DEAP / deap

Distributed Evolutionary Algorithms in Python
http://deap.readthedocs.org/
GNU Lesser General Public License v3.0
5.75k stars 1.12k forks source link

Non-optimal solution set returned #199

Closed pranavdheram closed 7 years ago

pranavdheram commented 7 years ago

Hello,

I am trying to generate an efficient frontier which can capture the portfolios with the best risk-return trade-off. suffices to say, I am trying to solve a MOOA - minimizing one function and maximizing the other. The results however, are extremely weird.
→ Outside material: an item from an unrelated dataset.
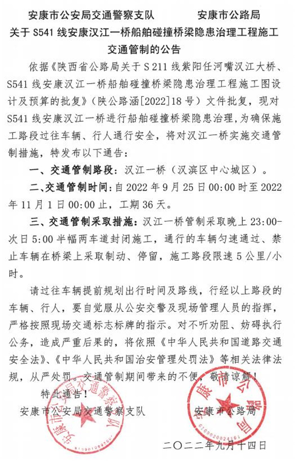 9月25日至11月1日安康漢江一橋將進行船舶碰撞橋梁隱患治理工程施工,將對漢江一橋實行交通管制36天,管制采取晚上23:00-次日5:00半幅兩車道封閉施工,通行的車輛勻速通過,禁止車輛在橋梁上采取制動、停留,施工路段限速5公里/小時。qmU安康新聞網
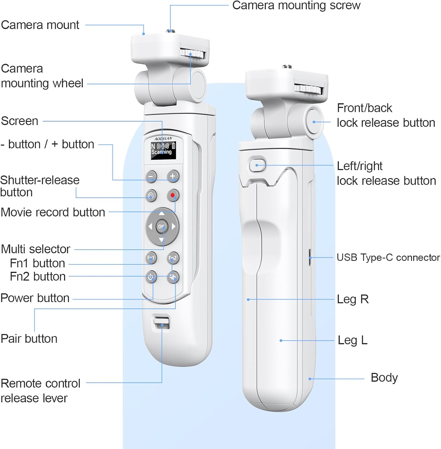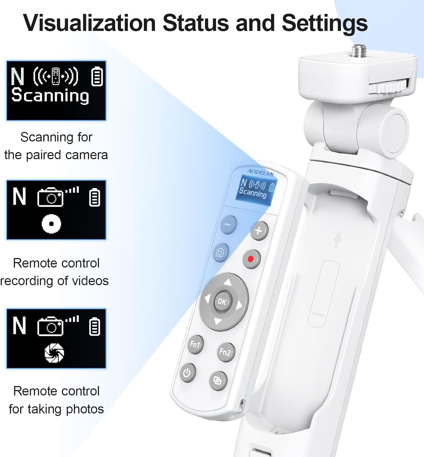 - Multi Functional Wireless Remote Control: The AODELAN shooting tripod is equipped with a wireless remote control, which can be remotely controlled without touching the camera.This remote control supports shooting still photos, short videos, Bulb shooting.It has a 360 ° omni-directional remote control, and the remote control distance can reach 10m/32.8 feet. Please adjust the camera to the appropriate mode.

The problem itself is pretty straight-forward. I use a code very similar to the one shown in the documentation. These are the settings:

toolbox.register("mate",tools.cxSimulatedBinaryBounded, low=BOUND_LOW, up=BOUND_UP,eta=20.0) toolbox.register("mutate", tools.mutPolynomialBounded, low=BOUND_LOW, up=BOUND_UP, eta=20.0, indpb=1.0/N_Stocks) toolbox.register("select", tools.selNSGA2) toolbox.register("evaluate", evaluate_individual)

pop = toolbox.population(100)

Now it is like any other GA. Evaluate -> Select -> mate -> mutate -> repeat.
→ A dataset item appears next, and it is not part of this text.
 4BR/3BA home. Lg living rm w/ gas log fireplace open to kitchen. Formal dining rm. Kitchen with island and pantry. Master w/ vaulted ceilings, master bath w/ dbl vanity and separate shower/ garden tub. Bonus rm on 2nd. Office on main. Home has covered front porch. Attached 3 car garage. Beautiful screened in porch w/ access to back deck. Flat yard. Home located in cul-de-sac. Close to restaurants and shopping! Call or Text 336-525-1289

The final results however are very weird. I was wondering if there was a problem with my 'evaluate function' but look how the algorithm progresses over generations. Once it finds a solution on the optimal frontier, is it not supposed to assign a very high fitness and ensure that this point is carried to every other generation? This clearly doesn't happen. It is losing points.
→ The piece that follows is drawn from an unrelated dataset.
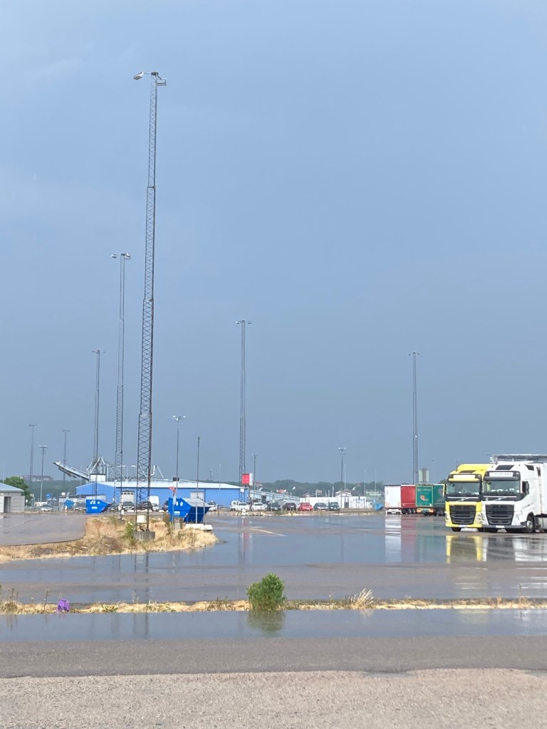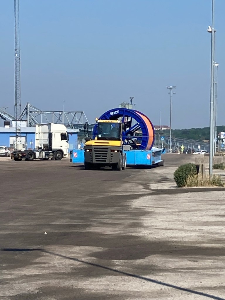 Fler stora ”hjul” som skulle byta plats😂. Det börjar bra och vi möts av Anna som har den radion som vi behöver använda här. Det är en tryckande värme och i stort sett vindstilla här nere vid hamnen. Mycket lastbilar och på väg hit ner mötte vi många som just lämnat färjan. Vi kör ut på våra positioner och inväntar första lasten. De här kabelhjulen är så stora att endast det fordonet får plats på vägen och det är därför vi måste stänga av vägen medan de passerar. Det går långsamt och försiktigt.

ga500 ga1500 ga3000 ga_result

These images are in chronological order - 500 generations, 1500 generations, 3000 generations and 10000 generations. PS: Only consider the yellow dots. The blue ones are 1000 random portfolios and I am trying to find the best ones.

Isn't this weird? Should I share my code too?

osm3000 commented 7 years ago

I don't know how it is done in your Algorithm (NSGA-II, CMA-ES, ...etc), but unless the algorithm specifically use this kind of elitism (keeping the good point), it will not keep the good points for later. It is a good practice in evolutionary computation to keep record of different generations, and the good solutions. Sometimes, the evolutionary operators lead the solution to be lose diversity after some point, leading to the collapse (close points) you see in the last graph. You should consider playing with the hyperparameters of the algorithm, and see how it performs

fmder commented 7 years ago

Up until generation 3000 the result seems normal. It is the 10000 that appears to be strange. However, they are still pareto optimal. The only weird thing is that they don't spread as would do NSGA-2 in the general case. 7000 generations is a big step try pinpoint at what point you loose diversity on your front.